Being a mom is hard. Harder than I thought.
There is NO reason to feel guilty or ashamed because you feel burnt out because truth be told, being a parent is exhausting. You are constantly being pulled in all different directions. It really is the best and hardest job all at the same time.
You aren’t only a mom but a driver, meal maker, doctor, playmate, sleeping buddy, and safety net. While the list goes on and on for the daily tasks that need to be done, we’re expected to maintain our home, plan activities, and socialize our children (and then some).
(I don’t know about you but just reading that list made me feel like I needed a nap)
Having mommy burnout does NOT make you a bad mom, it makes you human. However realizing you are coming to your breaking point before you lose your shit is key. Here are a few things I started to change once I noticed I was slipping into my own mom funk.
Create a daily routine and stick with it.
Create a schedule both you and your children can stick with.
Having a routine of eating schedules, nap time, play time, will not only help you manage what needs to be done but also help set expectations for your kiddos. Children thrive when they have a daily schedule that works and keeps sleep and eating times consistent from day to day.
Revamp your morning or evening (or both) routine.
When you wake up in the morning, or go to bed at night feeling worn down because you don’t have much left to fill your own tank, it might be time to change up your personal routine.
Feeling exhausted by 5PM, not having energy to make it to bedtime after a long day with my kiddos is all too familiar. To make matters worse I’d look around and see that there is a pile of laundry, dirty kitchen, a million dishes to do, and still needing to make dinner and bath time.

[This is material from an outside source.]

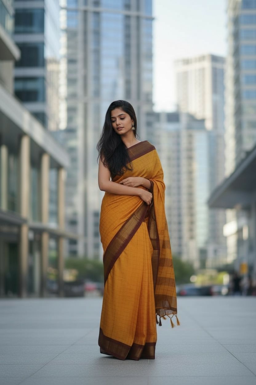 ELEGANT YELLOW AND MAROON SAREE WITH UNSTITCHED BLOUSE. SUITABLE FOR ALL PURPOSES
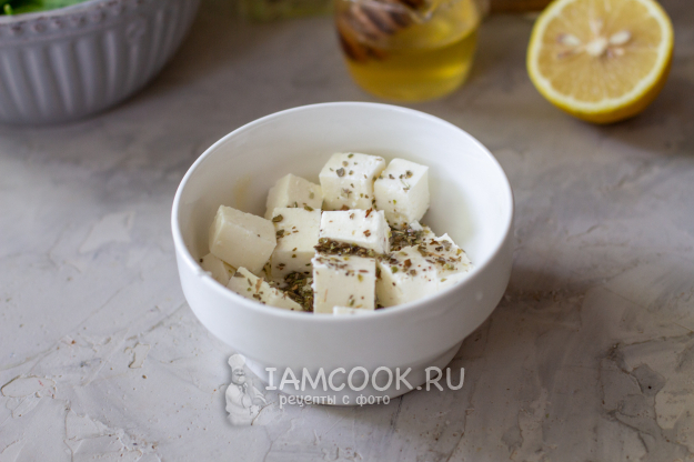 Сыр Фета нарежьте небольшими кубиками, сложите в небольшую мисочку. Добавьте немного сушеного орегано и ложку оливкового масла. Оставьте настояться минут на 5-10.

Changing up your routine and knowing that it doesn’t all have to be done or perfect helps me a ton!
Let kids entertain themselves.
Today, there is a misconception that we have to be entertaining out kids 24/7.
STOP THIS. Erase this misconception from your brain. It is more than okay to let your kids sit and entertain themselves. This is how they learn and create. How are they going to be able to be creative if you are always hovering over, or constantly entertaining them?
Get out of the house.
If you are in a rut, step outside. Changing your environment from the same ole’ day to day routine can help immensely in your mood.
This doesn’t have to be a extravagant outing, it can be as simple as taking a walk or scheduling a play date. Your kids will appreciate the change of scenery just as much as you will!
Take pride in getting ready.
Helping get out of your pants requires real clothes…not the workout clothes that look like you could have slept in them. Take time to shower, do your hair and makeup, even if it’s just mascara. If you look good you feel good. Spending a little time on yourself goes a long way.
Find something you love to do.
What did you love to do BEFORE YOU HAD KIDS? Reading, running, movies, singing in a choir or crafting?
Now that you have a routine and know when you’ll have time for you or when you hire a babysitter, incorporate things you love into your personal time. It may be as simple as going to your favorite coffee spot for a cup or two of uninterrupted you time, or signing up for a new class.
Most importantly, remember to go easy on yourself.
Know this, the feelings of burnout won’t last forever.
You are doing the best you can and that’s all your children need but you have to take care of yourself as well. You are important, your family sustains itself and functions because of all that you do all day long.